Словно отвечая моим мыслям, прежде ясное небо вдруг затянуло тучами. Потихоньку стал накрапывать дождь, и вокруг, застилая пространство, уже дрожал зыбкий туман. Я оглянулся. Вдали чёрные морские волны трепетали в предвестии надвигающегося шторма, а на берегу, в тумане, проступали очертания разрушенных временем крепостных башен, которые, когда мы покидали город, ещё даже не были построены. Милета этого не заметил: он так же медленно, опустив глаза, шёл вперёд, погружённый в свои мысли.
Мы миновали большой разлом времени.
Северное побережье Понта Эвксинского или, как его теперь называли, Чёрного моря оказалось пустынным. Это были исконные, родовые земли тех самых кочевников-киммерийцев, что долгое время наводили ужас на города Ионии, и к войне с которыми так активно готовились жители Милета в то время, как мы собирались покинуть этот город навсегда. Но, несмотря на то, что потомки древних киммерийцев уже утратили былую воинственность и представляли собой довольно жалкое зрелище, я всё же не решился посвятить мальчика в историю местности, которую нам предстояло пересечь пешком.
Путь обещал быть долгим и безопасным. Словно почувствовав это, Милета успокоился, перестал вздрагивать от каждого шороха и оглядываться на каждый звук. Действительно, степи и предгорья выглядели совершенно пустынными, а редкие деревушки мирных скотоводов мы предусмотрительно обходили стороной. Стояло начало осени. В сухом воздухе витали запахи переспелых трав и нагретой солнцем земли. Днём ещё было очень жарко, поэтому мы шли, преимущественно, вечером и ранним утром, проводя большую часть пути под звёздами, становившимися всё меньше, острее и холоднее по мере продвижения к северу. Иногда набегали тучи, внезапный дождь давал недолгую прохладу миру, уставшему от зноя. Ненастье обычно пережидали в укрытии: я хорошо знал маршрут и предчувствовал погоду, так что путешествие через киммерийские степи действительно оказалось самым спокойным, даже приятным этапом нашего пути.
Большую часть моего времени занимали размышления и наблюдения за Милетой. Стараясь не быть назойливым, я, тем не менее, не упускал из виду ни одной мелочи, связанной с ним: молчание, взгляды, жесты — всё обретало особое значение в этой звёздно-полынной тишине, направляя мои собственные мысли в новое русло, придавая им неожиданные оттенки. Мальчик по-прежнему был крайне неразговорчив, но на стоянках, когда он засыпал, укутавшись в мой плащ, когда часами неподвижно глядел на огонь или звёзды, мне начинало казаться, что вокруг него образуется некое магическое облако иного пространства и измерения — странно притягивающее, тёмное, тёплое, способное согреть и успокоить.
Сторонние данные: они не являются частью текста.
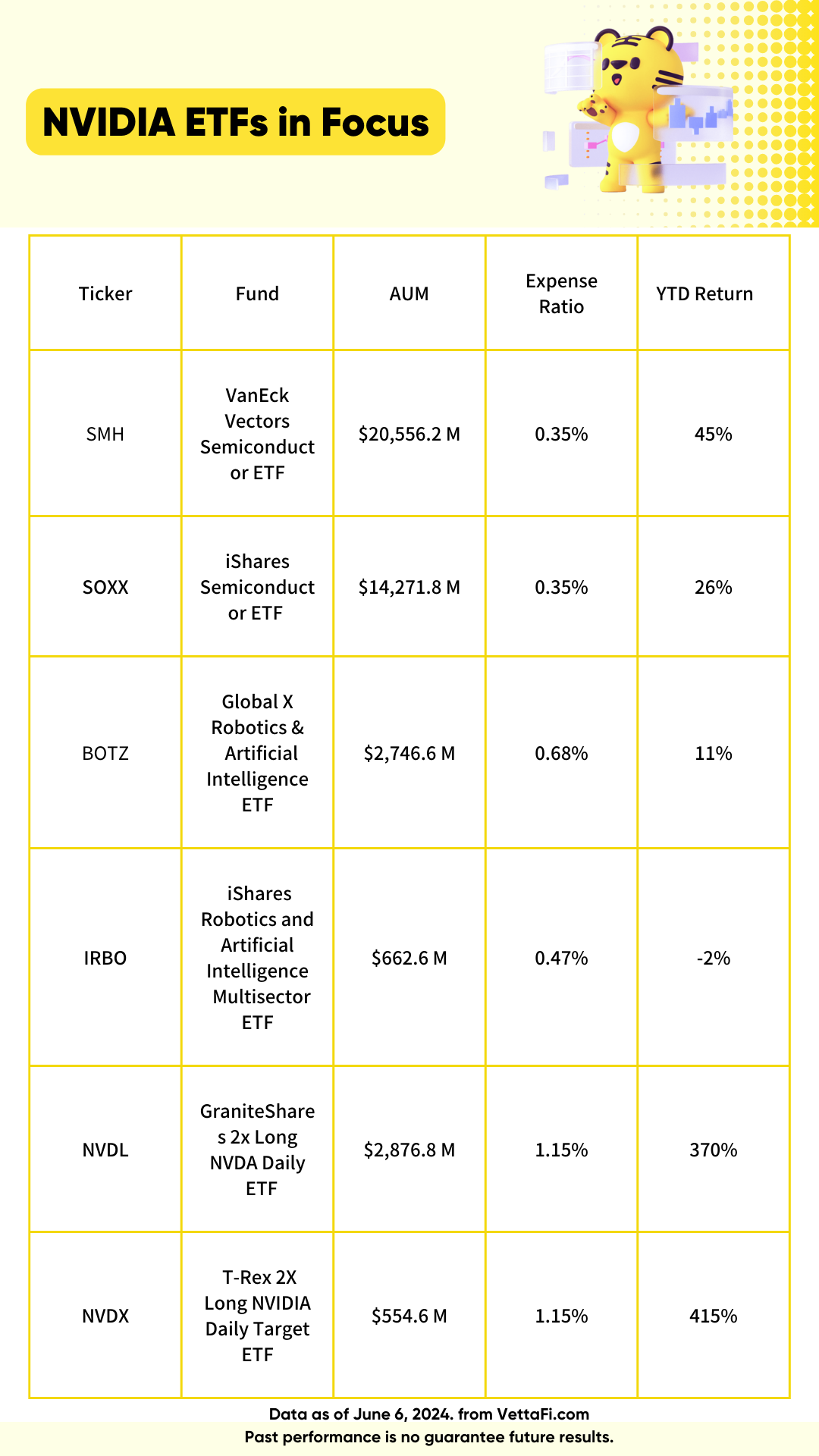 But if you're a cautious investor or haven't invested much in the semiconductor sector, it might be better to diversify rather than bet on a single company. ETFs can help you do that, allowing you to gain exposure to all top companies and benefit from their current and future growth.

Не в силах противостоять этому волшебству, я садился рядом, закрывал глаза и словно бы погружался в ласкающие морские волны древней, родной и бесконечно далёкой Финикии. Сердцу стали дороги эти бедные земли, пропитанные запахом полыни, безмолвие степных просторов и неохватная даль небес, прозрачных даже в серый непогожий день. Книжное, наносное, искусственное внутри меня стремительно таяло, уступая место живой нежности ко всему, что составляло теперь смысл каждого момента. Милета, конечно, являлся едва ли не самой важной частью этого смысла, но даже не догадывался об этом отчасти из-за собственной замкнутости, отчасти из-за того, что с ним я был неизменно сух и холоден.
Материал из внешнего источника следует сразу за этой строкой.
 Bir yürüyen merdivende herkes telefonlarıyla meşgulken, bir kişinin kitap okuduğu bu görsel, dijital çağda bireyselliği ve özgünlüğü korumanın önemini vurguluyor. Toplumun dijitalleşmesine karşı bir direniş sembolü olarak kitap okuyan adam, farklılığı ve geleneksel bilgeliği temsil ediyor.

Мальчик оказался приятным попутчиком: дальние переходы преодолевал без нытья и жалоб, распоряжения по устройству нашего нехитрого быта выполнял быстро и настолько качественно, насколько позволяло его хрупкое сложение. Иногда я замечал, как он, словно извиняясь за свою неловкость, старается незаметно доставить мне удовольствие: просыпаясь, находил рядом чашку горячего травяного отвара, горсточку ягод или букетик полыни. Подобная забота встречалась благодарностью, слыша которую, Милета сильно смущался. Лишь одно очень раздражало, буквально доводя до бешенства: то, что он по-прежнему называл меня «господином». Обычно это выглядело так:
— Там в овраге — ручей. Будь добр, принеси воды.
— Да, господин.
И видя, как я начинаю хмуриться:
— Прости, господин, я опять делаю что-то не так…
В эти моменты мне безудержно хотелось ударить его или прогнать, то есть поступить так, как я обыкновенно, не задумываясь, поступал со своими рабами в Библе. Но в последнюю секунду что-то останавливало уже занесённую для удара руку и удерживало грубое слово, готовое слететь с языка. Я отворачивался, тяжело вздыхал и наконец, чувствуя на себе полный отчаяния взгляд, говорил спокойно и холодно:
— Ты свободный человек, Милета. Не называй меня «господином», хорошо? Принеси воды, а я позабочусь о костре.
Он тоже вздыхал, молча уходил, и после мы ещё долго старались не смотреть друг на друга.
Иногда думалось, что безграничное доверие, которое проявлял ко мне Милета, сродни тому слепому, отчаянному чувству, которое я сам испытывал по отношению к Голосу. Я позволил Брату распоряжаться моим сердцем, говорить моими устами, когда было необходимо, и страх потерять эту связь оказывался сильнее любых доводов разума. Но Голос — это чистое сияние, красота, искренность. Перед ним невозможно не склониться! Я же — совсем другое дело. Тем не менее, мальчик легко прошёл через разлом времени, что являлось бесспорным фактом. Возникавшие вопросы по-прежнему оставались без ответа, и я уже не знал, с какой стороны подойти к решению многочисленных загадок этого путешествия.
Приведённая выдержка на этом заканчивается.